• [About this task]:
The listing below should be reproduced precisely, except for its images.

• [Data block]:

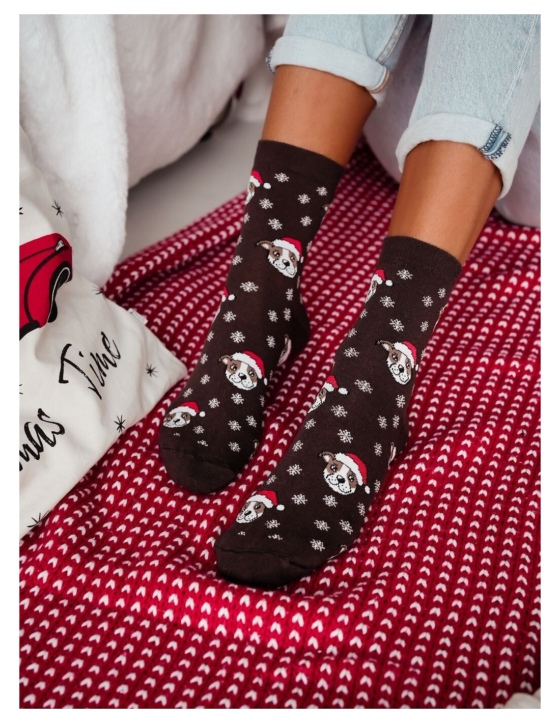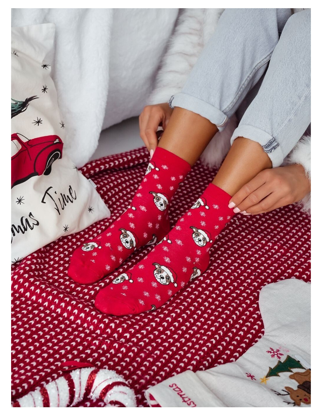 Spalvingos moteriškos kojinės - papuoštos kalėdiniu motyvu - aukštos kokybės medvilnė - idealiai tinka dovanoms
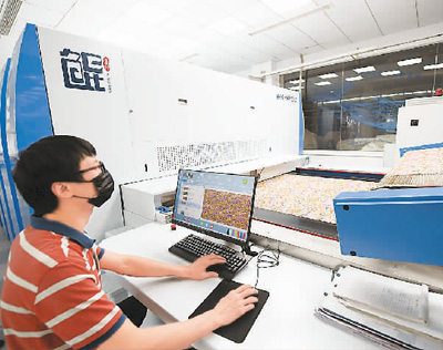 浙江省绍兴市柯桥区推进纺织印染业转型升级工程,引导企业应用环保设备和先进工艺,推动行业创新发展。图为浙江鸿大印染集团有限公司员工操作国内自主研发的数码打印机打印花样。
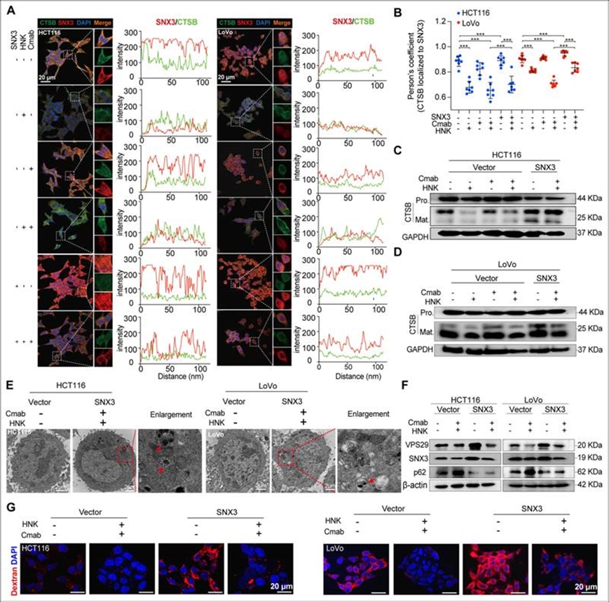考虑到SNX3逆转录酶在联合治疗中的损伤,作者研究了它是否会影响KRASG13D突变细胞中溶酶体的功能。结果表明和厚朴酚和西妥昔单抗联合治疗后标记酸性溶酶体区室的荧光染料的阳性细胞器减少。组织蛋白酶B(CTSB)是一种溶酶体酶,先前的研究表明逆转录酶功能障碍与CTSB的不当加工和分泌有关。作者发现HNK下调SNX3的表达,从而扰乱CTSB向溶酶体的转运。此外,HNK处理的细胞中成熟形式的CTSB急剧减少,表明HNK处理扰乱了蛋白水解的形成和成熟,这些数据表明HNK和西妥昔单抗的组合通过下调SNX3表达破坏溶酶体蛋白水解(图5)。

• [Reply to the exercise]:
 Spalvingos moteriškos kojinės - papuoštos kalėdiniu motyvu - aukštos kokybės medvilnė - idealiai tinka dovanoms
 浙江省绍兴市柯桥区推进纺织印染业转型升级工程,引导企业应用环保设备和先进工艺,推动行业创新发展。图为浙江鸿大印染集团有限公司员工操作国内自主研发的数码打印机打印花样。
考虑到SNX3逆转录酶在联合治疗中的损伤,作者研究了它是否会影响KRASG13D突变细胞中溶酶体的功能。结果表明和厚朴酚和西妥昔单抗联合治疗后标记酸性溶酶体区室的荧光染料的阳性细胞器减少。组织蛋白酶B(CTSB)是一种溶酶体酶,先前的研究表明逆转录酶功能障碍与CTSB的不当加工和分泌有关。作者发现HNK下调SNX3的表达,从而扰乱CTSB向溶酶体的转运。此外,HNK处理的细胞中成熟形式的CTSB急剧减少,表明HNK处理扰乱了蛋白水解的形成和成熟,这些数据表明HNK和西妥昔单抗的组合通过下调SNX3表达破坏溶酶体蛋白水解(图5)。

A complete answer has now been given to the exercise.